Thinking in this direction, I arrived at the following approach for now:

def run_sampler_with_timelimit(
    sampler: ultranest.ReactiveNestedSampler,
    max_runtime: int,
) -> bool:

    start_time = time.time()

    # Define a magic number of likelihood evaluations to run
    # between checking the runtime constraint
    MAGIC_NUMBER = 10_000

    while True:

        # Run for a given number of likelihood evaluations
        n_call_before = copy(sampler.ncall)
        sampler.run(
            max_ncalls=n_call_before + MAGIC_NUMBER,
            # ...
        )

        # Check if we have converged
        if sampler.ncall == n_call_before:
            print("Sampling complete!")
            return True

        # Check if the timeout is reached
        if time.time() - start_time > max_runtime:
            print("Timeout reached, stopping sampler!")
            return False

Does that make any sense to you?

It succeeds in limiting the runtime even when running with MPI (although choosing the magic number does not feel very elegant, and there is quite some variance in the actual runtimes of different iterations), but looking at the logs it produces I am not 100% sure yet that this really works as intended.

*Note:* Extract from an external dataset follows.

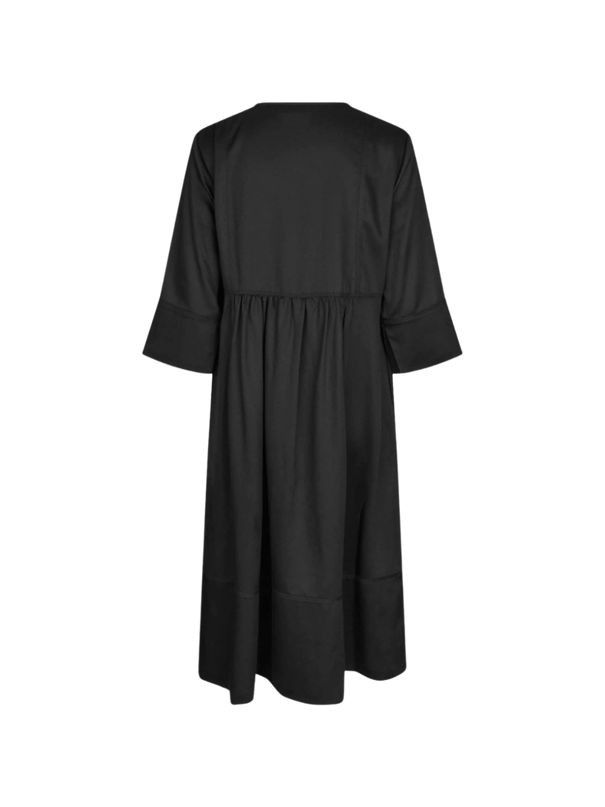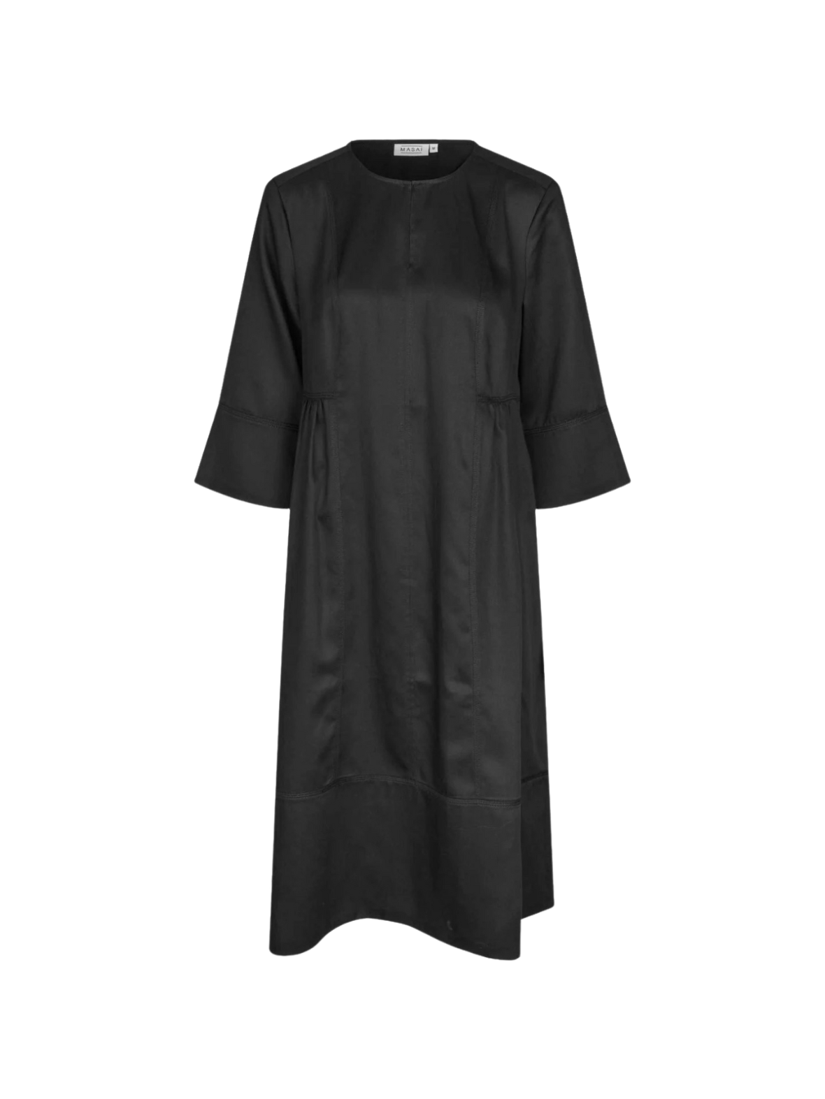 Denne sorte kjole fra Masai er et elegant og tidløst valg med fokus på komfort og bevægelse. Kjolen har en let A-formet silhuet, som falder flot langs kroppen og giver et afslappet, men stadig sofistikeret udtryk. De 3/4-lange ærmer med let vidde tilfører et feminint præg, mens de diskrete syningsdetaljer skaber struktur og form.

JohannesBuchner commented 6 months ago

Yes, something like that.

For the previous suggestion, I was more thinking along the lines of for i in $(seq 100000); do cp points.h5 points_${i}.h5; sleep 1m; done

JohannesBuchner commented 6 months ago

I am closing this for now. Please reopen if it is an issue.

timothygebhard commented 6 months ago

Apologies for the late feedback — I've been running the code I posted above for the past week, and so far, it looks like it gets the job done 🙂 Thanks for the help!